Ak parti iktidarının daha doğrusu Genel Başkan Erdoğan’ın ötekileştirici dil kullandığı ve toplumu hızla ayrıştırdığı iddiaları muhalefetin en sık dile getirdiği bir iddia.
Oysa; kurucu üst yöneticileri tıpkı Erdoğan gibi ‘Milli Görüş’ ekolünden gelen Akparti, ayrıştırıcı olmak bir yana aksine kitleleri birleştirdi. Akparti sadece Milli Görüş kitlesinin büyük bir kesimini değil, muhafazakar kitlenin tümünü zihinsel değişime uğrattı.
Şöyle ki; Erbakan’ın ‘Batı Kulüp’ dediği Milli Görüş dışındaki muhafazakar siyasi partilerin bir çoğu bugün Akpartide el üstünde tutulur oldu.
Vaktiyle haklarında çok şey söylenen Menderes, Özal, Çiller gibi isimler bugün bu kitle tarafından hayırla anılıyor.
Eğer Demirel’in son dönemlerindeki değişen siyasal çizgisi söz konusu olmasaydı Demirel de göklere çıkarılabilirdi.
Mesut Yılmaz’ın talihsizliği ise 28 Şubat’ta ciddi sıkıntılar yaşayan ve şu an Akparti taraftarı olanların bir çoğunun o dönemde yaşadıklarından Mesut Yılmaz’ı sorumlu tutmuş olmaları..
Durum böyle de olsa bu gün Akparti’de birçok eski ANAP’lı aktif siyaset yapmakta ve Akparti içşnde bundan hiç kimse rahatsız değil.Hatta içlerinde oldukça değer verilenler var..

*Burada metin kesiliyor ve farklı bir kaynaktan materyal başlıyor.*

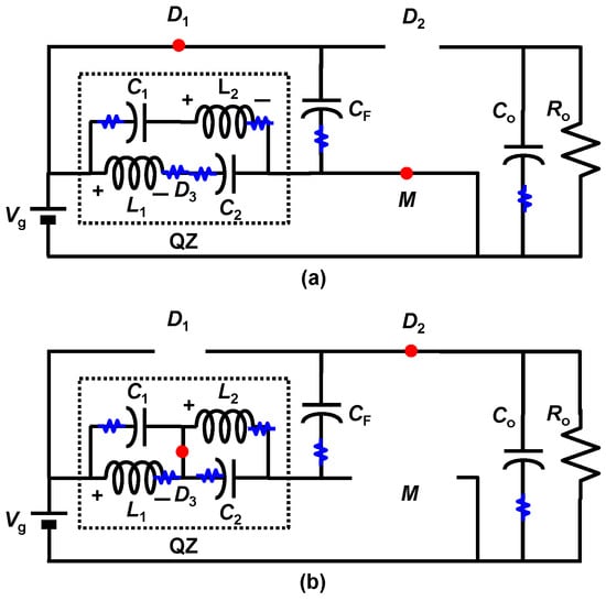 Figure 1a shows the proposed converter. The surrounded dot-line is a QZ network. It operates in two modes, Mode1 and Mode2.

Akparti asıl zihinsel değişimi ise Mustafa Kemal konusunda yaptı. Vaktiyle Mustafa Kemal’i Osmanlı ‘yı yıkan, hilafeti kaldıran İngiliz ajanı, deccal gibi ifadelerle yerden yere vuran ve bugün Akpartiyi savunan nice dindar-mutaassıp kişiler Mustafa Kemal’e bu gün rahmet okumakta, bunların siyasette, yerel yönetimlerde, bürokraside vb. yer alanları işi o derece İleri götürmüşler ki, her milli bayramda binlerce kişiye kutlama mesajları göndermekteler.
Atatürk’ü sevdirecek televizyon dizileri, hatta sinema filimleri de Dindar-Mutaassıp çevrelerin son zamanlarda ilgi alanlarına girmiş bulunmakta.
Geçtiğimiz günlerde vizyona giren “Ateş Hattı” filmi bunların son örneklerinden biri.
Kitaplarında Osmanlı Devleti’ni İngilizlerin yıktığını söyleyen ve ‘operasyon’ adlı kitabında “ 1912’den sonra Türkiye’yi Karar Odası yönetti. Lideri bir İngiliz’di.” diyen Kayabaşı, bu filimde Mustafa Kemal’i, Mehmet Akif üzerinden kutsamakta ve Mustafa Kemal sayesinde ülkenin kurtarıldığını anlatmakta. Eminim ki Kayabaşı, bu filmle binlerce Mustafa karşıtı kitleyi Akif’le içli-dışlı göstererek sevdirmiştir.
Bu filmin galasında konuşma yapan ve bu filme önemli katkılar sağlayan Beyoğlu Belediye Başkanı Haydar Ali Yıldız’ın yaptığı kısa konuşmada 6 kez Mustafa Kemal’den övgüyle bahsetmesi dikkatimi çekmişti. Demek ki bu camiada köklü bir zihin değişikliği var..
Özetle; ‘Akparti, ayrıştırıcı dil kullananların partisi’ diyenler bu tablo karşısında bence yanılıyorlar.
Kimileri diyebilir ki; “siz onların bu son hallerine bakmayın, onlar takiye yapıyor, bu gibi birçok konuda işlerine geldikleri yerde övüyor, istedikleri yerde de küfrediyorlar.!”
Doğrusu ruh sağlığı yerinde olan normal bir insanın bu derece iki yüzlü bir hale gelebileceğini düşünemiyorum. Eğer, bazı dindarlar-mutaassıp çevreler bu hale gelmişse onlardan korkmak gerek. Zira iki yüzlü insanlar çıkarı için her şeyi yapabilirler.
O nedenle; bu tür iddialara asla inanmak istemiyorum. Zira böylesi bir duruma konulabilecek bir ad yok!